As he approached sixty, the image of JLG himself came to embody his vision of film as a funerary art, an art bound up with the passage of time, memory and death. His work takes on an elegiac tone and his presence, stooped, silent, alone, conveys a painful sense of melancholy and loss. Film has become the sole substance of his life. He identifies himself increasingly with the very subject of cinema. Histoire(s) du cinéma is both threnody and eulogy to the great directors and films of the past, to the follies and failures of the most popular art of the century, to the betrayal of cinema’s vocation and its abdication in the face of the catastrophe of History. Finally, it serves as a personal love letter in the form of a funeral oration for a man with an extraordinary passion for film. Godard’s body and voice, his image, his stories and memories, his life and films, incarnate the (un)dying spirit of the history of cinema which passes like all temporal things.

Long ago, in a first fond adieu to the nouvelle vague, Godard, not without sardonic humour, had Fritz Lang perform a similar function in Le Mépris (1964). Godard depicts the legendary director, veteran of the golden age of silent film in Germany and the studio system in Hollywood, as an old man, a disillusioned Tiresias, herald of film history as Gotterdammerung. Lang plays the part of a modern Homeric sage, bard of cinema’s fallen destiny, cynical, bored and more than a little redundant. The assistant director who shoots the actual scenes of the movie version of The Odyssey that Lang is filming is none other than Godard himself, appearing in yet another cameo, a behind-the-scenes portrait of the artist at work. In his films, Godard, like Odysseus, seeks to return to the homeland, to find a place on Earth, a world of his own that remains true to the name of Cinema.[11]

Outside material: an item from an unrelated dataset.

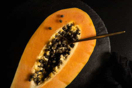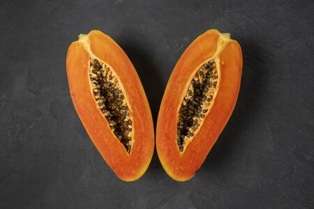 Ripe and freshly cut papaya. Fresh and tropical fruit with dark background

Godard mourns both for his own mortality and for the ultimate fate of cinema. The rhythm of his breathing, the grain of his voice, whispering, croaking, trembling, its silences and sudden outbursts, the sure or sketchy gestures of the hand that writes or slowly spools or unspools a roll of film, the shuffling gait of the solitary walker on the shores of Lake Geneva or on a wintry mountain path, suffuse his late films, notably Historie(s) du cinéma and JLG/JLG, with a mortal sadness.

In Germany Year 90 Nine Zero (1991), Godard laments the sad fate of the lost and lonely old man, out of touch with reality and left high and dry by the tide of history. Godard, “an old hand at giving cinema a body,” as Michael Witt observes, casts Eddie Constantine as the film director’s surrogate, his “ageing and ill body … called upon to represent ‘cinema’ at the beginning of the 1990s.”[12]   Lemmy Caution is the fictional counterpart of the narrator of Histoire (s) du cinéma: the Last Man surveying the wreckage of History, condemned to survive as a character in his own story, to endlessly retell the tale of his own woeful existence.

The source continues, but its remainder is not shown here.